If you were born in the 90s like me, the memory of the National Library would probably be that of the modern glass building located between Bugis Junction and Bras Basah Complex at 100, Victoria Street. 

National Library at Victoria Street Photo taken from National Library Board

National Library at Victoria Street

Photo taken from National Library Board

However, just in the not too distant 9 years ago, the National Library building was actually an iconic red-bricked building that probably would have stood out of today’s modern Singapore landscape with its striking British architectural design of the 1950s.  

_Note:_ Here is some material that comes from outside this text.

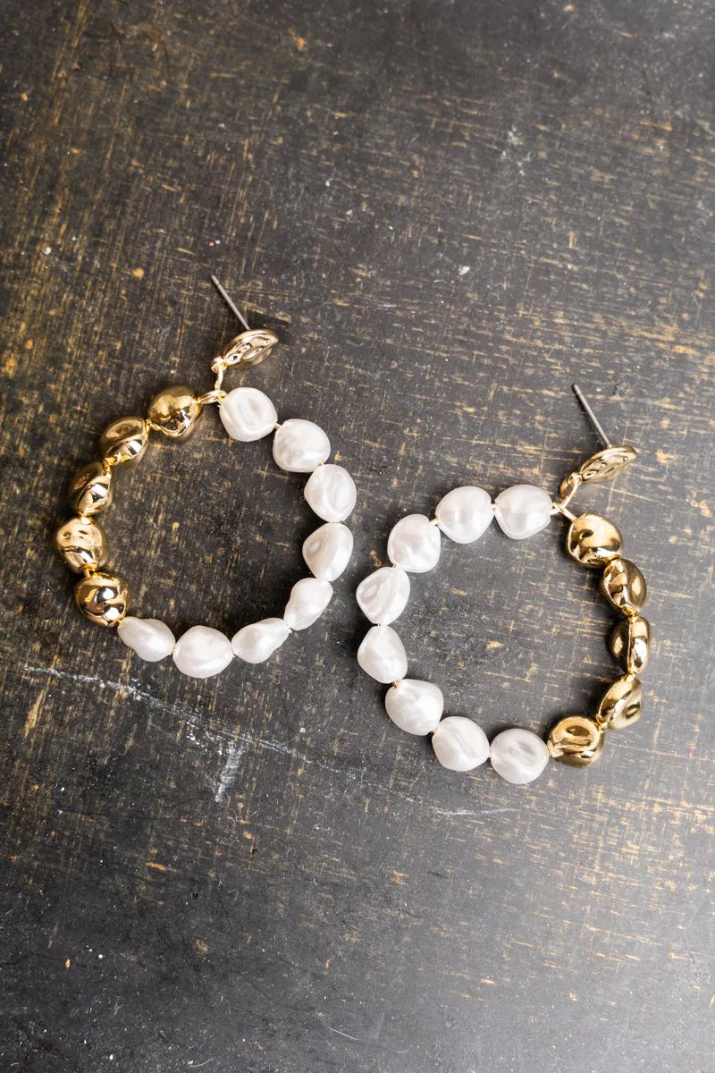 Achieve a classic look with the DOUBLE DATE PEARL EARRINGS. These goldtone hoops feature a hammered texture and faux baroque pearls for a timeless touch. The stud with beaded loop design adds an elegant flair, while the 2" post earrings are lead and cadmium compliant. Elevate any outfit with this versatile and stylish accessory.
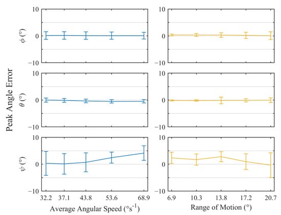 Plots of the mean angular error ± standard deviation for all peaks across n = 5 trackers, while undergoing test motions under ideal conditions. The left- and right-hand plots illustrate variation of error with respect to average angular speed and range of motion, respectively.

The library was first known as Raffles Library, in commemoration of Stamford Raffles who started the first library in Singapore Institution (now known as Raffles institution) due to his belief in the importance of education, having been a self-made man. It was then renamed as Shonan Library during the Japanese Occupation. Despite the war, the library building managed to remain largely unscathed and intact, with only some 500 books looted compared to other libraries in Malaya which saw nearly half their collection lost. The survival of the war further cemented its role in the public as an ‘emblem of Singapore’s cultural heritage’ and ‘an epitome of commitment by all to consolidate society through shared knowledge and experience’[1].  In the 1950s following the calls for a free public library, with the generous donation of $350,000 from Lee Kong Chian, a renowned Chinese community leader and philanthropist, the old National Library building was set for construction at Stamford Road. The red-brick building was officially opened and christened as the National Library on 12 November 1960s, by the head of state, Yang di-Pertuan Negara Yusof Ishak.

Since then, the library has held many collections of books of the languages of all four races in Singapore and also initiated many activities such as story-telling sessions for children which are still carried out in various libraries today. Apart from just being a place to satisfy every Singaporean’s thirst for knowledge, it was also a place to satisfy your hunger to fuel through all the gruelling studying. After all, even SM Goh and many other Ministers used to frequent the famous Wanton Mee stall by Old Mdm Leong at the S11 coffeeshop beside it[2] (which makes me wonder other than it being really delicious, does it also give you some extra brain power? ;)).

For those who visited the library after its renovation in 1997, you may also have fond memories of chilling at the The Courtyard Café and The Fountain, whilst soaking in the atmosphere of the early Renaissance. 

The Courtyard Cafe Photo taken from National Library Board

The Courtyard Cafe

Photo taken from National Library Board

In 31 March 2004, the red-bricked Old National Library was closed and to be demolished to make way for part of the Singapore Management University’s city campus. In its place, the new National Library was opened in 22 July 2005 at Victoria Street.

 It was a pity that I had never been to the Old National Library before it was demolished, but thankfully there are still two red-bricked entrance pillars of the library kept near the Fort Canning Tunnel. Regretfully, I have never once noticed it despite walking past it numerous times while I was in that area. Perhaps, it is time we spend less time looking at our phone screens, and more on our surroundings to appreciate Singapore’s landscape, architecture and heritage and maybe, we might discover more interesting pieces of Singapore’s history that we have never bothered to notice around us.